__Task directions__.
Please keep the pictures out and write out exactly the lines from the first in the data below through the one containing "风险提示:智能化技术进展不及", both included.
::: Records provided :::
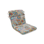 The elegance of this outdoor chair cushion in a lively paisley and floral design is perfect for accenting a patio. Its vivid shades of red, aqua, green, orange, yellow and indigo blue bring life to the scene through artful beauty. Additional features of this outdoor chair cushion include rounded corners, 14" ties and recycled polyester fill with a sewn seam closure.
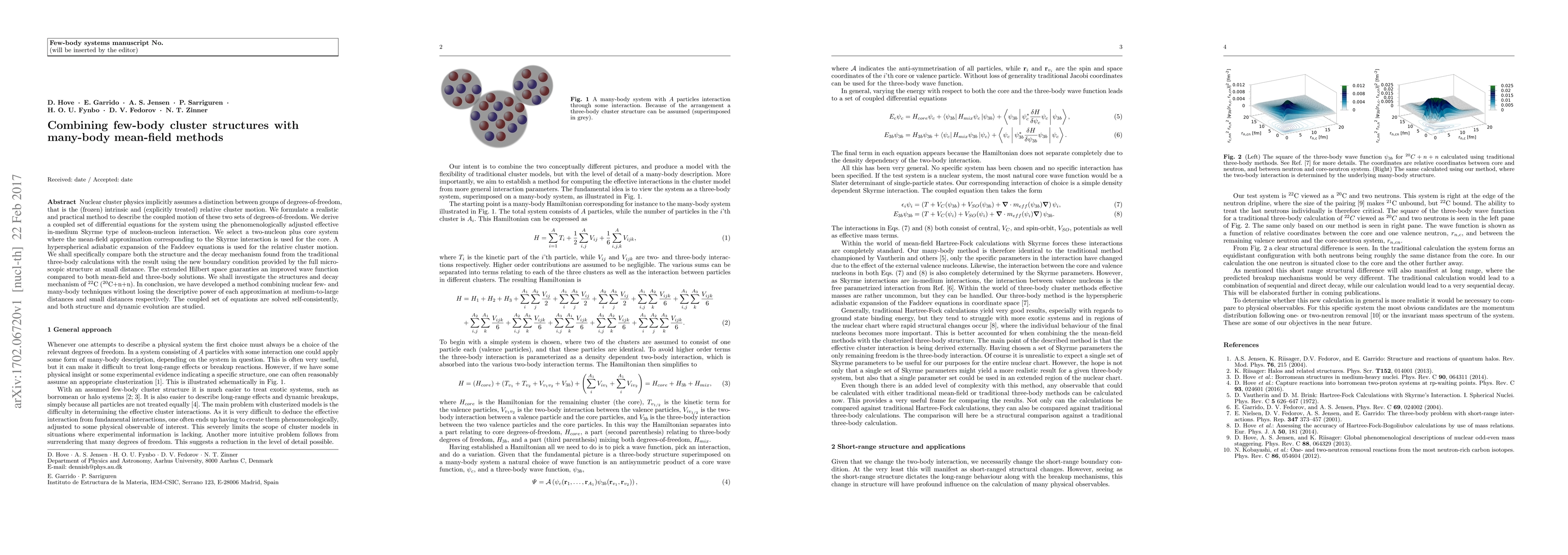 Nuclear cluster physics implicitly assumes a distinction between groups of degrees-of-freedom, that is the (frozen) intrinsic and (explicitly treated) relative cluster motion. We formulate a realistic and practical method to describe the coupled motion of these two sets of degrees-of-freedom. We derive a coupled set of differential equations for the system using the phenomenologically adjusted effective in-medium Skyrme type of nucleon-nucleon interaction. We select a two-nucleon plus core system where the mean-field approximation corresponding to the Skyrme interaction is used for the core. A hyperspherical adiabatic expansion of the Faddeev equations is used for the relative cluster motion. We shall specifically compare both the structure and the decay mechanism found from the traditional three-body calculations with the result using the new boundary condition provided by the full microscopic structure at small distance. The extended Hilbert space guaranties an improved wave function compared to both mean-field and three-body solutions. We shall investigate the structures and decay mechanism of $^{22}$C ($^{20}$C+n+n). In conclusion, we have developed a method combining nuclear few- and many-body techniques without losing the descriptive power of each approximation at medium-to-large distances and small distances respectively. The coupled set of equations are solved self-consistently, and both structure and dynamic evolution are studied.
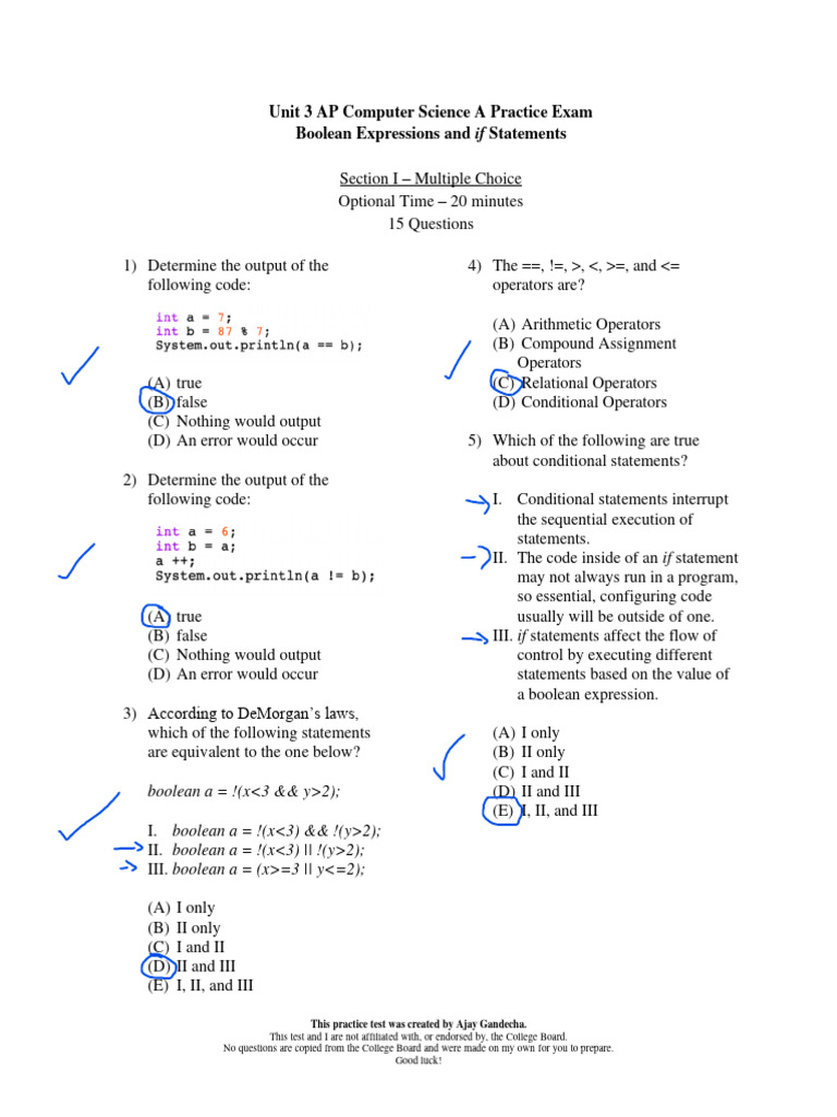 No questions are copied from the College Board and were made on my own for you to prepare.
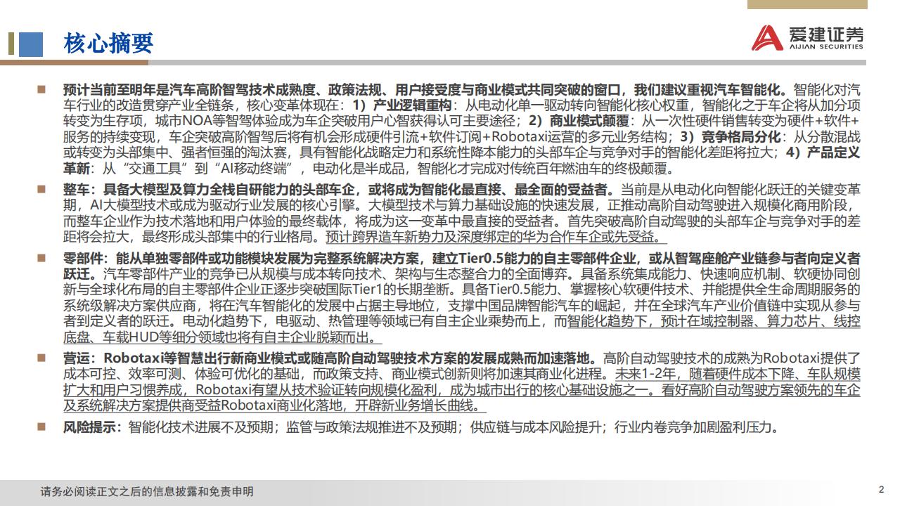 风险提示:智能化技术进展不及预期;监管与政策法规推进不及预期;供应链与成本风险提升;行业内卷竞争加剧盈利压力。
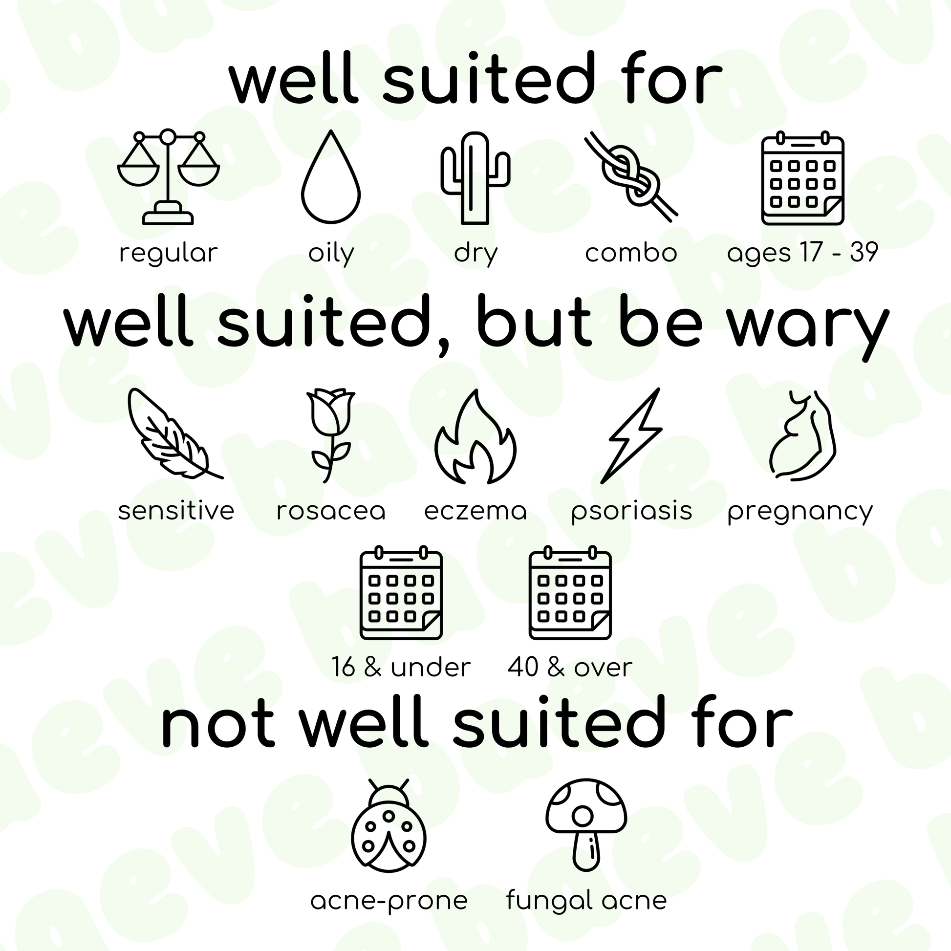 Well suited, but be wary: sensitive, rosacea, eczema, psoriasis, pregnancy, those 16 years of age and under, and those 40 years of age and over (we note that there are natural perfuming ingredients in this product, as well as essential oils - if you find that fragrance is a known irritation for you and your skin, then skip this product)
:::
__Solution to the exercise__.
 The elegance of this outdoor chair cushion in a lively paisley and floral design is perfect for accenting a patio. Its vivid shades of red, aqua, green, orange, yellow and indigo blue bring life to the scene through artful beauty. Additional features of this outdoor chair cushion include rounded corners, 14" ties and recycled polyester fill with a sewn seam closure.
 Nuclear cluster physics implicitly assumes a distinction between groups of degrees-of-freedom, that is the (frozen) intrinsic and (explicitly treated) relative cluster motion. We formulate a realistic and practical method to describe the coupled motion of these two sets of degrees-of-freedom. We derive a coupled set of differential equations for the system using the phenomenologically adjusted effective in-medium Skyrme type of nucleon-nucleon interaction. We select a two-nucleon plus core system where the mean-field approximation corresponding to the Skyrme interaction is used for the core. A hyperspherical adiabatic expansion of the Faddeev equations is used for the relative cluster motion. We shall specifically compare both the structure and the decay mechanism found from the traditional three-body calculations with the result using the new boundary condition provided by the full microscopic structure at small distance. The extended Hilbert space guaranties an improved wave function compared to both mean-field and three-body solutions. We shall investigate the structures and decay mechanism of $^{22}$C ($^{20}$C+n+n). In conclusion, we have developed a method combining nuclear few- and many-body techniques without losing the descriptive power of each approximation at medium-to-large distances and small distances respectively. The coupled set of equations are solved self-consistently, and both structure and dynamic evolution are studied.
 No questions are copied from the College Board and were made on my own for you to prepare.
 风险提示:智能化技术进展不及预期;监管与政策法规推进不及预期;供应链与成本风险提升;行业内卷竞争加剧盈利压力。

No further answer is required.